Es ist ja nicht nur den Unheiligen nichts heilig: Auch die vergleichenden Religionswissenschaften machen sich Gedanken, die – geht es etwa um die Geburt Jesu aus der Jungfrau Maria – sich mit jenem Vorkommnis beschäftigen, das eine – was Wunder – dem Christentum entfremdete Welt zu Weihnachten feiert und mit dem unsere abendländische Zeitrechnung nun mal beginnt.
Sapere aude: Keine wertfreie Kalenderweisheit ist es, sondern immerhin (siehe: „Das Wort ist Fleisch geworden“) die Menschwerdung Gottes, bei der die Geschichte von vorn zu zählen beginnt. In der antiken Mythologie war die Jungfrauengeburt zwar eine alltägliche  Sache – aber auch in der Realität? Vor Gott Vater gab es Gott Mutter, die Erdgöttin. In einem kurzen, unsicheren Dasein mit hoher Kindersterblichkeit war Fruchtbarkeit die einzige Waffe gegen die Abnutzungsschlacht der nackten Existenz.
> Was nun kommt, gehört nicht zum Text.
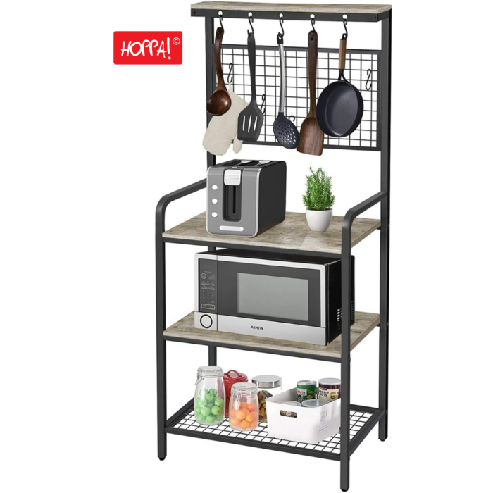 Hoppa! Songmics Bakkersrek, koffiebar, magnetronstandaard, keukenhoog opbergrek, kruidenrek, rustiek Greige, 64x40x170 cm (BxDxH)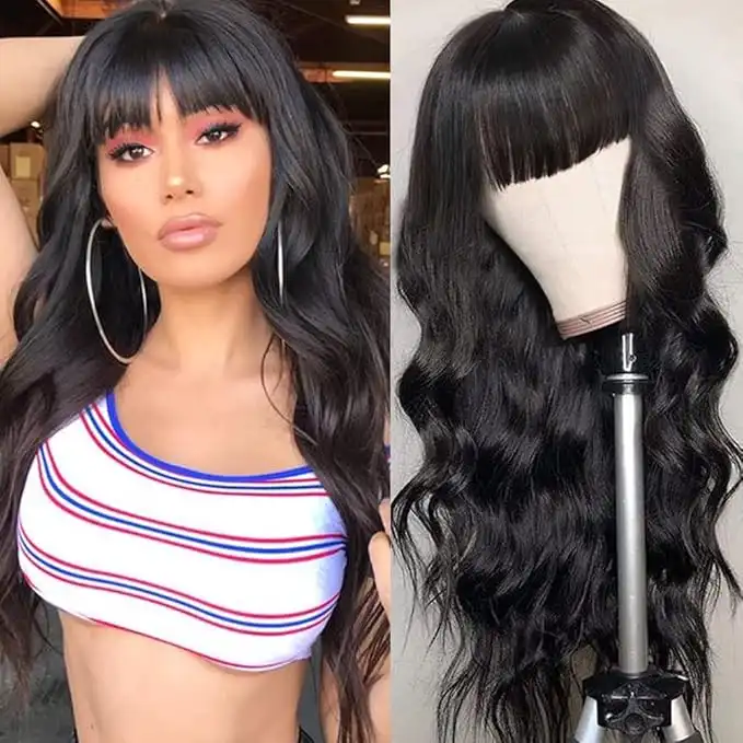 QD-Tizer Black Wig Natural Wavy Hair Wigs with Bangs, Heat Resistant Synthetic Long Black Wigs for Women — Price History & Tracker | DeserTracker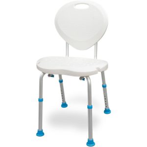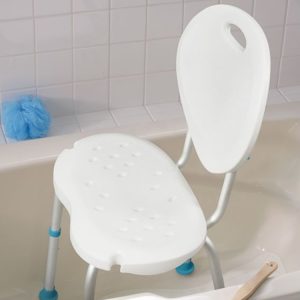 This contoured adjustable bath chair with backrest features a textured surface, drainage holes, seat handles, and slip resistant rubber safety tips. Adjustable legs raise or lower the seat height.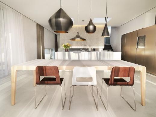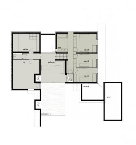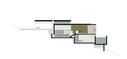 這個位于林地旁邊的住宅沿著陡峭的斜坡向下延伸,周圍環繞田野和果林。森林保護和區域劃分及當地的規范只允許建筑位于場地的東北部,設計目的是為了融合森林邊緣場地的獨特性,確保與普通住宅相區分,同時使住戶能有山谷的美好景色。建筑的平面由建筑窗戶定義,它們隨著場地地形排布,被拆開分為不同的層次,與室外空間相互作用。一個暴露的帶有鋪石板的混凝土軀干是住宅的中心。分開的層次使所有樓層都有不同的天花板高度,院落被嵌入在上層樓面,它從四周為房間帶來光線,而鄰里一側則是一個巨大的封閉的表面。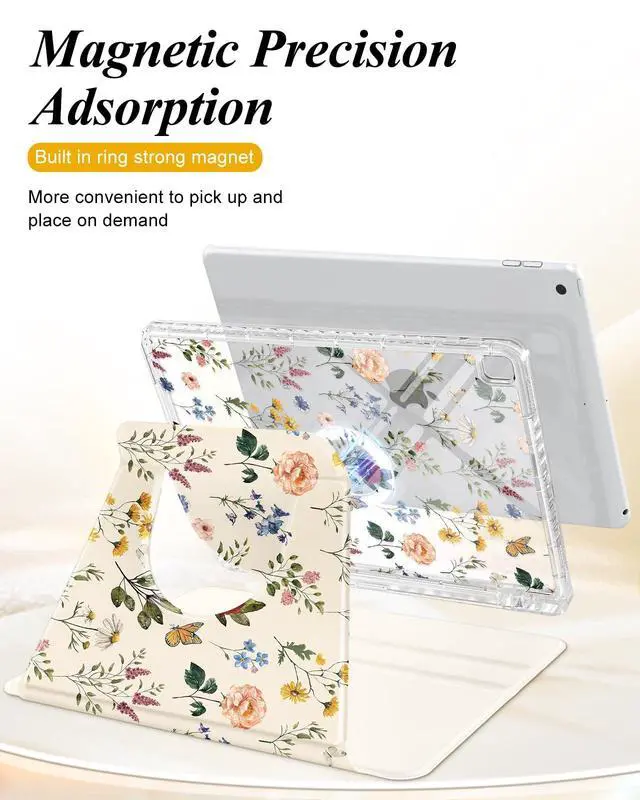 Strong Magnetic: This rotating case suitable for iPad 7th/8th/9th generation with a detachable magnetic cover and has strong magnetic attraction. It can be used as a stand or removed for individual use, making it very stylish and convenient ^^ 360Rotate: The cute 360 degrees rotating case for i Pad 9/8/7 generation 10.2 inch allows you to flexible adjust the tablet to multiple angles freely. 2 non-slip grooves able to set up multiple horizontal stand angles for viewing or typing ^^

Die wenigen Figuren aus dem Steinzeitalter sind denn auch fruchtbare, anonyme Frauengestalten mit ausgeprägten Geschlechtsmerkmalen und dickem Bauch.

Mythen

So beginnt in der griechischen Mythologie die Erschaffung der Welt aus dem Tohuwabohu mit der Erdmutter Gäa, die im Schlaf den Sohn Uranus gebiert. Als Herrscher des Himmels befruchtet er sie mit Regen und bringt als ihr Sohn die Erde zum Blühen. Gäa läßt Uranus nach einem Familienstreit kastrieren, und erst nach Vermählung von Bruder und Schwester wird Zeus geboren. Die Legende siedelt diese Geburt  in Kreta an, in einer Grotte, wo eine Ziege auf das Neugeborene achtgab. Das archaische Bethlehem ist für den Touristen per Esel zu erreichen – die Parallelen zur Geburtsgrotte im Heiligen Land sind unübersehbar. In allen Metamorphosen der klassischen Mythologie kam es zu wundersamen Geburten, wenn Götter sich mit Sterblichen einließen. Baccus und Apollo sind Produkte von Zeus` amourösen Abenteuern, bei denen er sich als Mensch oder Vogel tarnte, um Nymphen und Königstöchter zu schwängern. Göttliche Abstammung setzte eine Jungfrauengeburt voraus und war dazu angetan, Sterblichen den Glanz der Unsterblichkeit zu verleihen. So glaubten Zeitgenossen, daß Alexander, Platon und Pythagoras durch Jungfrauengeburt auf die Welt gekommen seien, auch wenn alle Tatsachen dem widersprachen. Himmel und Erde aber vereinigen sich, bis das Wunder geboren wird.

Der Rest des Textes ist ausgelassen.